— Required work —
Exactly as they appear below, repeat the lines from the one with "仅仅休息了不到3小时,王欣瑜" through the one with "金秋时节,硕果累累。9月28". Drop every picture.
====
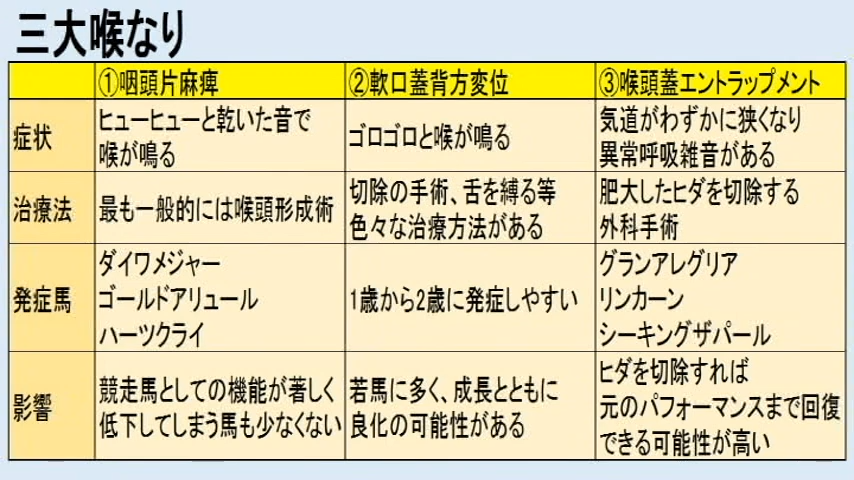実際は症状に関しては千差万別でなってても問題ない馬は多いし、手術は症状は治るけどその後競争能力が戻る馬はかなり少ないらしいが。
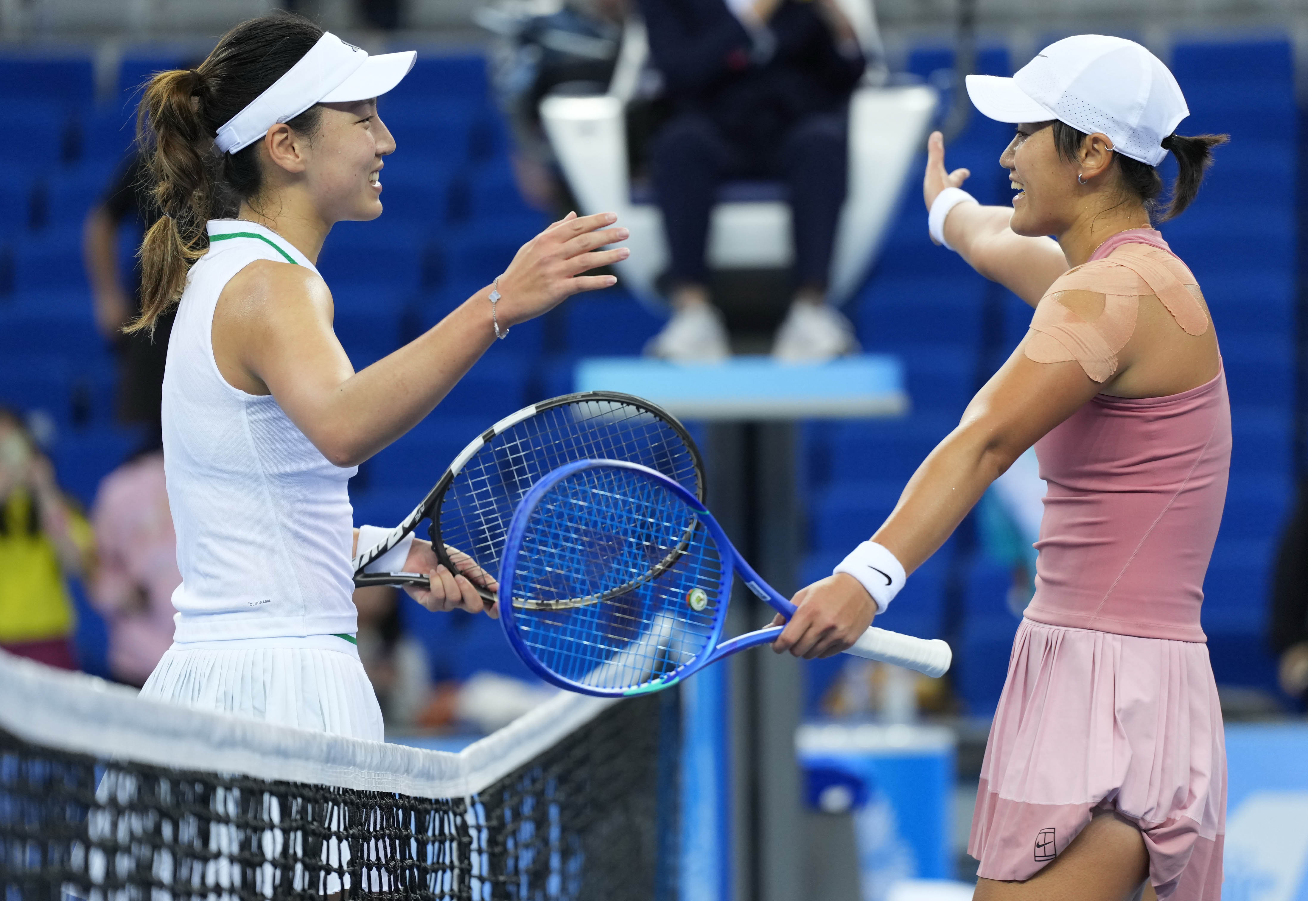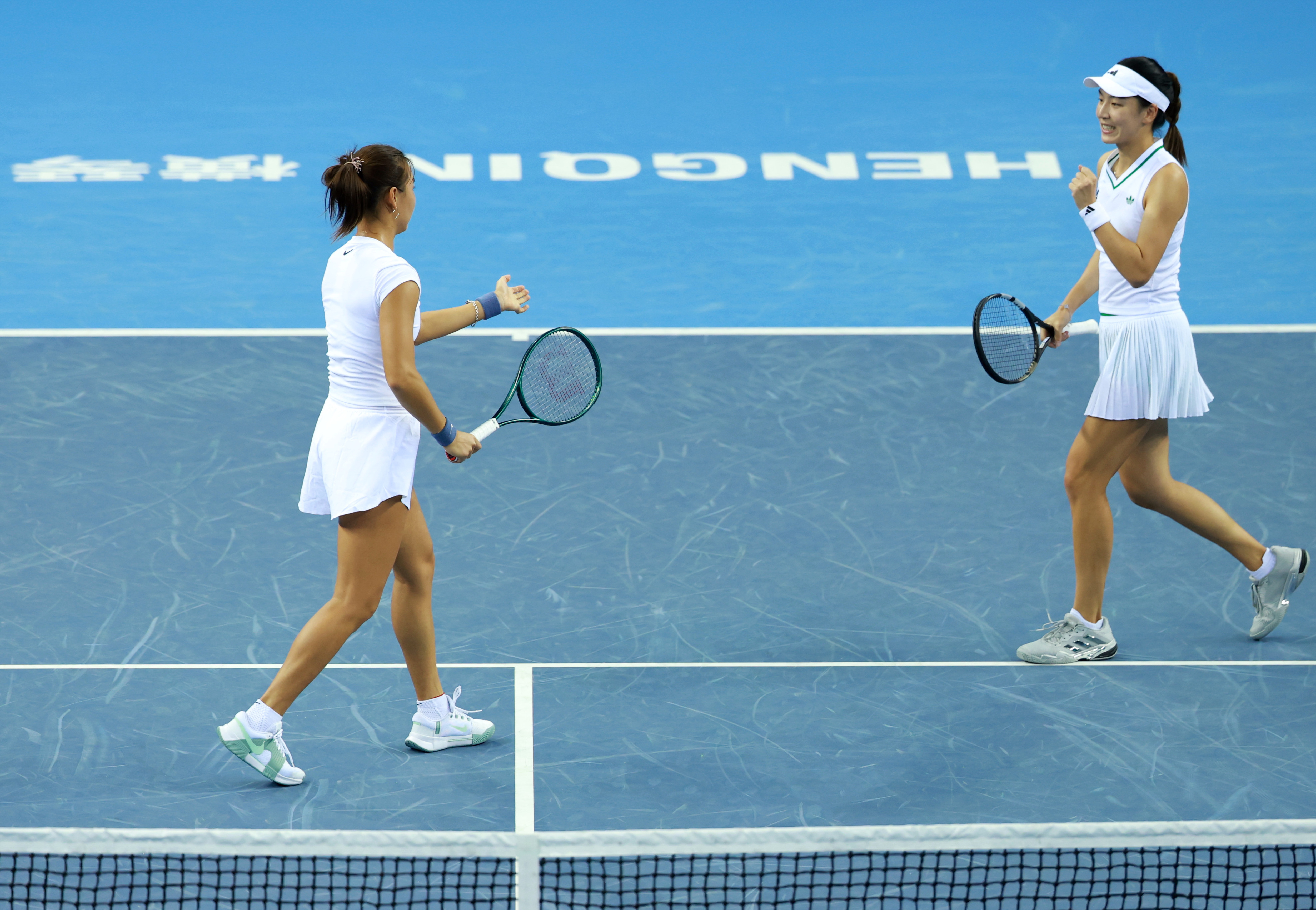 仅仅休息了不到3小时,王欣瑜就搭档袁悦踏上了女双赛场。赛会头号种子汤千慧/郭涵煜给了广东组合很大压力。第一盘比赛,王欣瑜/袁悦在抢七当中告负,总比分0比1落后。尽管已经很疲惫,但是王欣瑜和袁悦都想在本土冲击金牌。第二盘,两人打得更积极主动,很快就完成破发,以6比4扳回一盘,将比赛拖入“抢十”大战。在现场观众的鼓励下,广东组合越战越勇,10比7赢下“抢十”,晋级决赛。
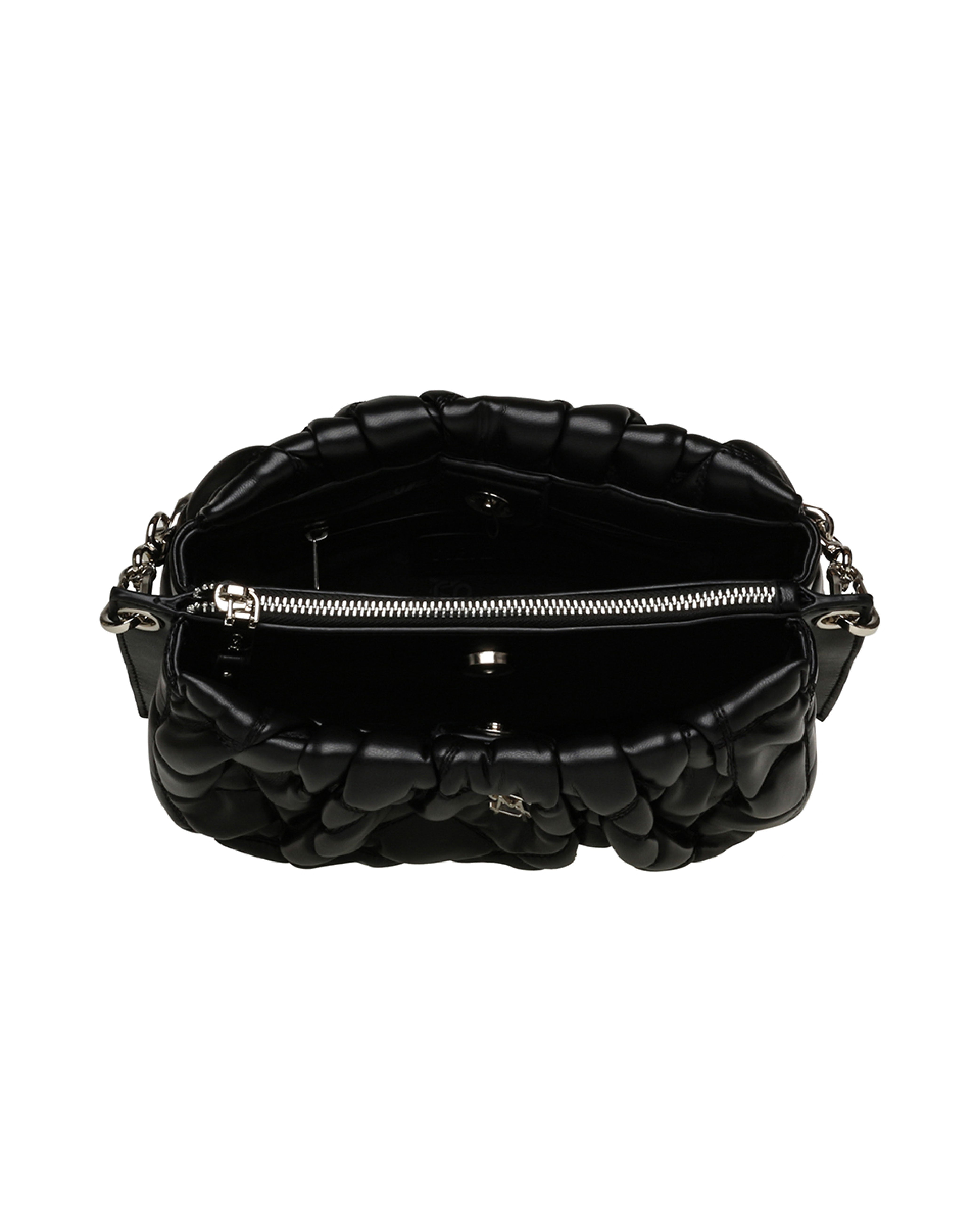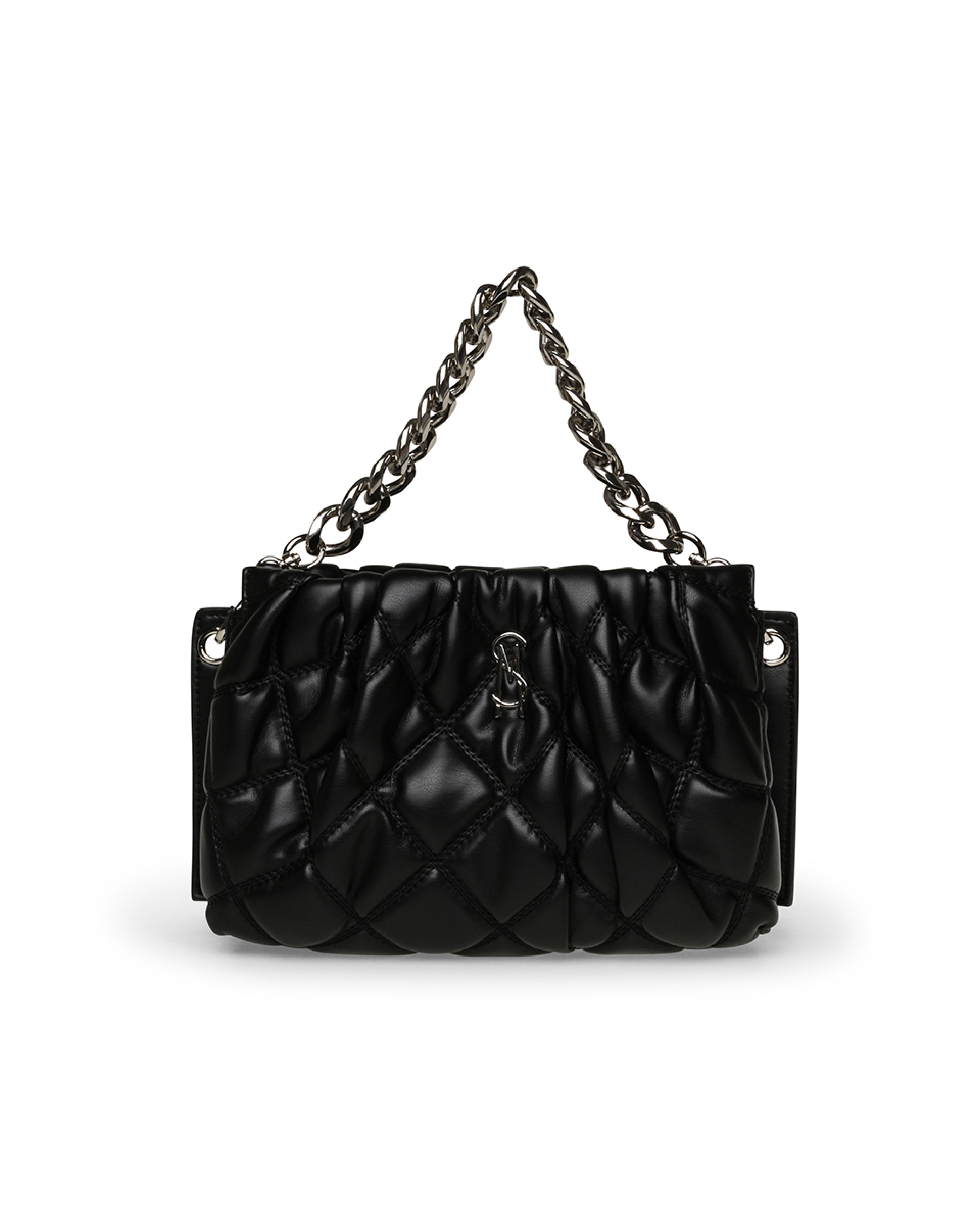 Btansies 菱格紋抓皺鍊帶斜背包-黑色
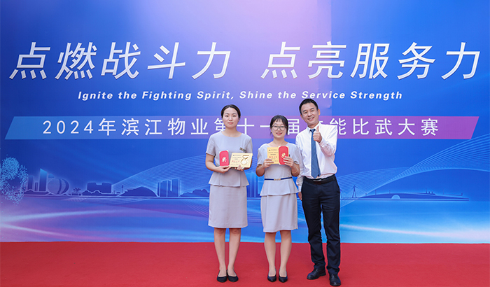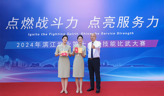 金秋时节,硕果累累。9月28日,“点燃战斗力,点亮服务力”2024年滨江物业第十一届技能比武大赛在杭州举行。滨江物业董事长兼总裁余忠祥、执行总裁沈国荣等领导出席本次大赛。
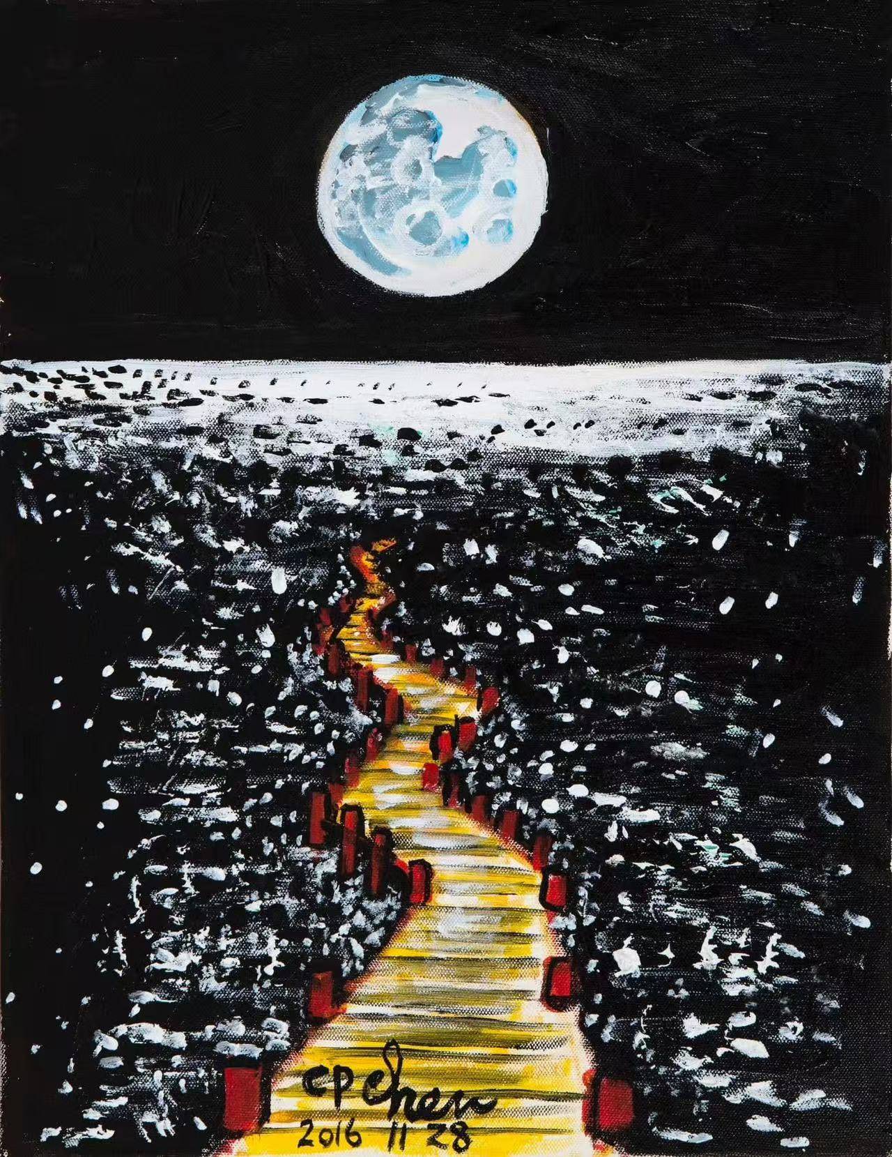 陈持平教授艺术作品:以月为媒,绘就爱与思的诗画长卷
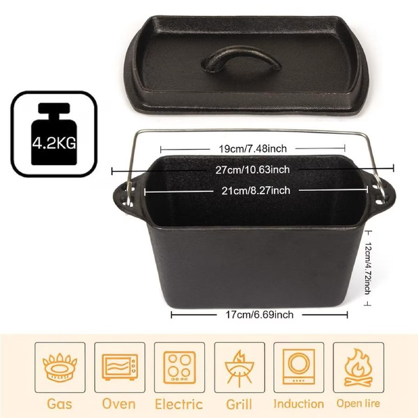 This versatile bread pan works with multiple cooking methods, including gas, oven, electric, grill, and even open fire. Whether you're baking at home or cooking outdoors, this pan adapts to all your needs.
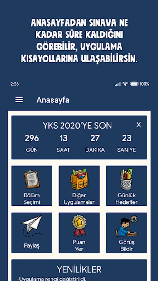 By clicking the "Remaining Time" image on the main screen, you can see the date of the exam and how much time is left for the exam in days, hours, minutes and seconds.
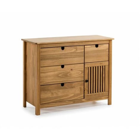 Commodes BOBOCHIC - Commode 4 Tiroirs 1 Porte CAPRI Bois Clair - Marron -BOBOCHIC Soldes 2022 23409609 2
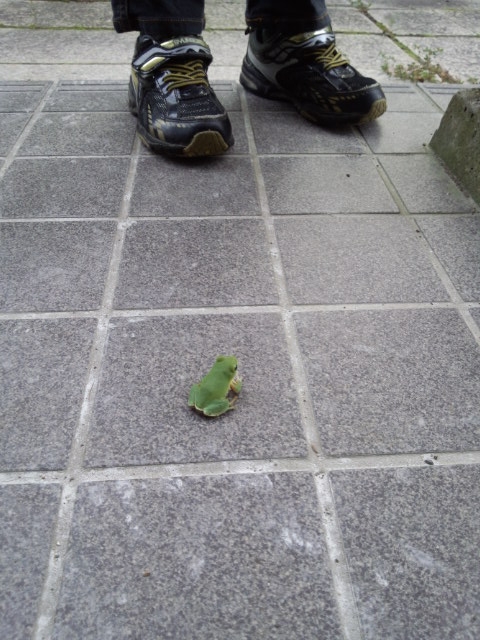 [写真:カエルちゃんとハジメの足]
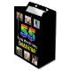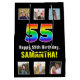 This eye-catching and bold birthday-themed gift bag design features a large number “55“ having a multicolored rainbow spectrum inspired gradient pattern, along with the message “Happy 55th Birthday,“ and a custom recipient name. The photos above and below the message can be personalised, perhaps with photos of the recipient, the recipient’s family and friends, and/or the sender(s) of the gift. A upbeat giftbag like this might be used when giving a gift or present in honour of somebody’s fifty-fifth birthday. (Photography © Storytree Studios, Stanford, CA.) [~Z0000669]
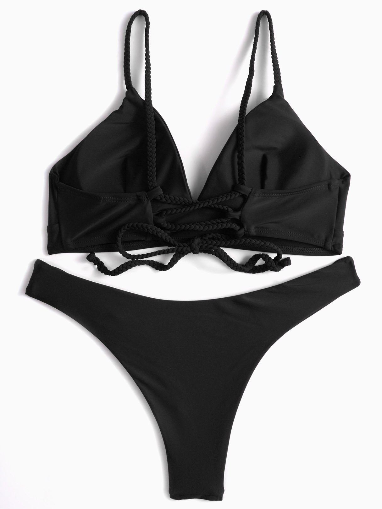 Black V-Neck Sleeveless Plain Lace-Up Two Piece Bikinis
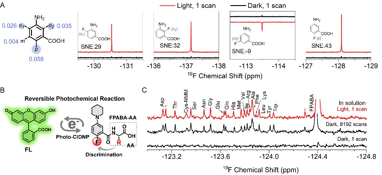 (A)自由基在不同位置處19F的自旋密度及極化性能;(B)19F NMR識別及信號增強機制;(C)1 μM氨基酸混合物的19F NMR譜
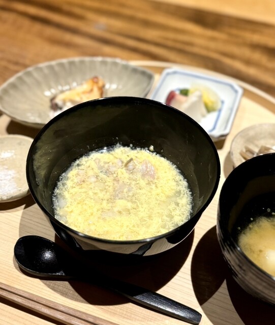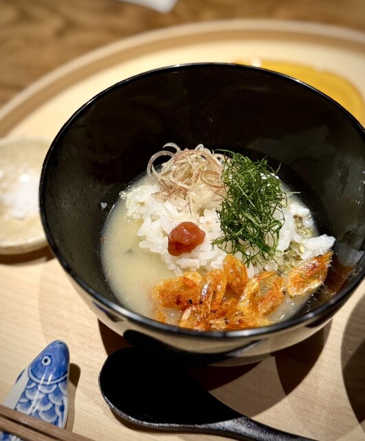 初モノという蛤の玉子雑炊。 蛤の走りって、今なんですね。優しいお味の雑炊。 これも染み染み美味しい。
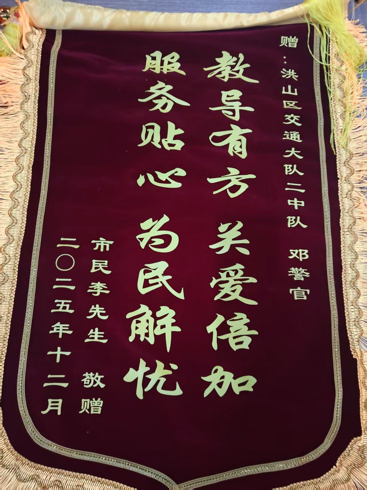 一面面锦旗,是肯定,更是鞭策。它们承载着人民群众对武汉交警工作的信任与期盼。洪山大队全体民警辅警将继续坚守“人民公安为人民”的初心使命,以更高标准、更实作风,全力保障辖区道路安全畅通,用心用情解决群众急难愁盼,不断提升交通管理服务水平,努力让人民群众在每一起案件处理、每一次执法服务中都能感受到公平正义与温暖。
====
— Written answer —
 仅仅休息了不到3小时,王欣瑜就搭档袁悦踏上了女双赛场。赛会头号种子汤千慧/郭涵煜给了广东组合很大压力。第一盘比赛,王欣瑜/袁悦在抢七当中告负,总比分0比1落后。尽管已经很疲惫,但是王欣瑜和袁悦都想在本土冲击金牌。第二盘,两人打得更积极主动,很快就完成破发,以6比4扳回一盘,将比赛拖入“抢十”大战。在现场观众的鼓励下,广东组合越战越勇,10比7赢下“抢十”,晋级决赛。
 Btansies 菱格紋抓皺鍊帶斜背包-黑色
 金秋时节,硕果累累。9月28日,“点燃战斗力,点亮服务力”2024年滨江物业第十一届技能比武大赛在杭州举行。滨江物业董事长兼总裁余忠祥、执行总裁沈国荣等领导出席本次大赛。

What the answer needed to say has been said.